Pour un fonds de commerce acheté 150 000 €, l’acquéreur paie 3 810 € de droits d’enregistrement. Le barème total est de 0 % jusqu’à 23 000 €, 3 % de 23 000 € à 200 000 € et 5 % au-delà. Notre simulateur chiffre en quelques secondes le coût complet de votre opération, que vous achetiez ou vendiez un fonds de commerce.
À quoi sert ce simulateur ?
Il donne une estimation indicative des coûts qui s’ajoutent au prix de cession. Côté acquéreur : droits d’enregistrement, publicité légale et formalités. Côté vendeur : durée du séquestre du prix, délai d’opposition des créanciers et solidarité fiscale de l’acquéreur. Cette estimation prépare votre budget, elle ne remplace pas l’analyse de votre dossier.
Comment les droits d’enregistrement sont-ils calculés ?
Le barème 0/3/5 agrège trois prélèvements : la part de l’État prévue par l’article 719 du Code général des impôts (0 % jusqu’à 23 000 €, 2 % de 23 000 € à 107 000 €, 0,60 % de 107 000 € à 200 000 €, 2,60 % au-delà), la taxe additionnelle départementale (article 1595 du CGI) et la taxe additionnelle communale (article 1584 du CGI). Le simulateur applique ce barème au prix de cession, diminué des marchandises neuves reprises, qui restent en principe hors assiette.
Que faut-il prévoir en plus du prix ?
Comptez 350 à 500 € de publicité légale et de formalités, puis les honoraires de conseil et les frais de financement. Côté vendeur, le prix reste séquestré pendant trois à cinq mois en pratique, le temps de purger les oppositions des créanciers et la solidarité fiscale. Pour approfondir, consultez notre guide de l’achat d’un fonds de commerce, notre article sur le coût d’une cession de fonds de commerce à Montpellier et notre accompagnement cession de fonds de commerce.
Questions fréquentes
Qui paie les droits d’enregistrement ?
L’acquéreur les paie lors de l’enregistrement de l’acte. Le vendeur supporte de son côté le séquestre du prix et l’éventuelle imposition de sa plus-value.
Combien coûte une cession de fonds de 150 000 € ?
3 810 € de droits d’enregistrement, auxquels s’ajoutent la publicité légale (350 à 500 € environ) et les honoraires de conseil.
Les marchandises reprises paient-elles des droits ?
Non en principe : reprises sur inventaire contradictoire, les marchandises neuves sont hors assiette des droits et relèvent le cas échéant de la TVA.
Pourquoi le prix de vente est-il séquestré ?
Pour purger le délai d’opposition des créanciers (10 jours à compter de la publication, article L. 141-14 du Code de commerce) et la solidarité fiscale de l’acquéreur (article 1684 du CGI, 90 jours ramenés à 30 jours sous conditions).
Le barème change-t-il selon le département ?
Non. Part de l’État et taxes additionnelles aboutissent au même total de 0 %, 3 % et 5 % sur tout le territoire.
Le résultat du simulateur reste une estimation indicative : chaque cession mérite un chiffrage sur pièces.

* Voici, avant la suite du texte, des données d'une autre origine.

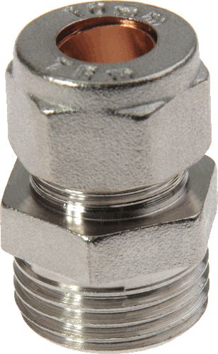 ниппель переходной с цангой 10 мм TERMA 06009 изготовлен из горячепрессованной латуни с никелированным покрытием, присоединительный размер 1/2"", резьба трубная цилиндрическая. Номинальное рабочее давление от 25 бар, рабочий диапазон температуры от -20°C до +150°C.

Me Benoît BIOT, avocat au Barreau de Montpellier.
Calculez le coût complet de votre cession de fonds de commerce
Coût complet d’une cession de fonds de commerce
Droits d’enregistrement, publicité légale, séquestre du prix : chiffrez les coûts de l’opération selon que vous achetez ou vendez un fonds de commerce ou une clientèle. Barème appliqué : article 719 du Code général des impôts, taxes additionnelles départementale et communale comprises.
Comment ce simulateur calcule
Les droits d’enregistrement sont calculés sur le prix de cession diminué des marchandises neuves reprises, au barème total simplifié : 0 % jusqu’à 23 000 €, 3 % de 23 000 € à 200 000 €, 5 % au-delà. Ce barème agrège la part de l’État (article 719 du CGI : 0 % jusqu’à 23 000 €, 2 % de 23 000 € à 107 000 €, 0,60 % de 107 000 € à 200 000 €, 2,60 % au-delà), la taxe départementale (article 1595 du CGI) et la taxe communale (article 1584 du CGI). Le total est arrondi à l’euro le plus proche. La fourchette de publicité légale (350 à 500 €) est purement indicative. Côté vendeur, les délais rappelés résultent de l’article L. 141-14 du Code de commerce (opposition des créanciers dans les 10 jours de la publication) et de l’article 1684 du CGI (solidarité fiscale de l’acquéreur : 90 jours, ramenés à 30 jours sous conditions). Textes vérifiés sur Légifrance au 2 juillet 2026.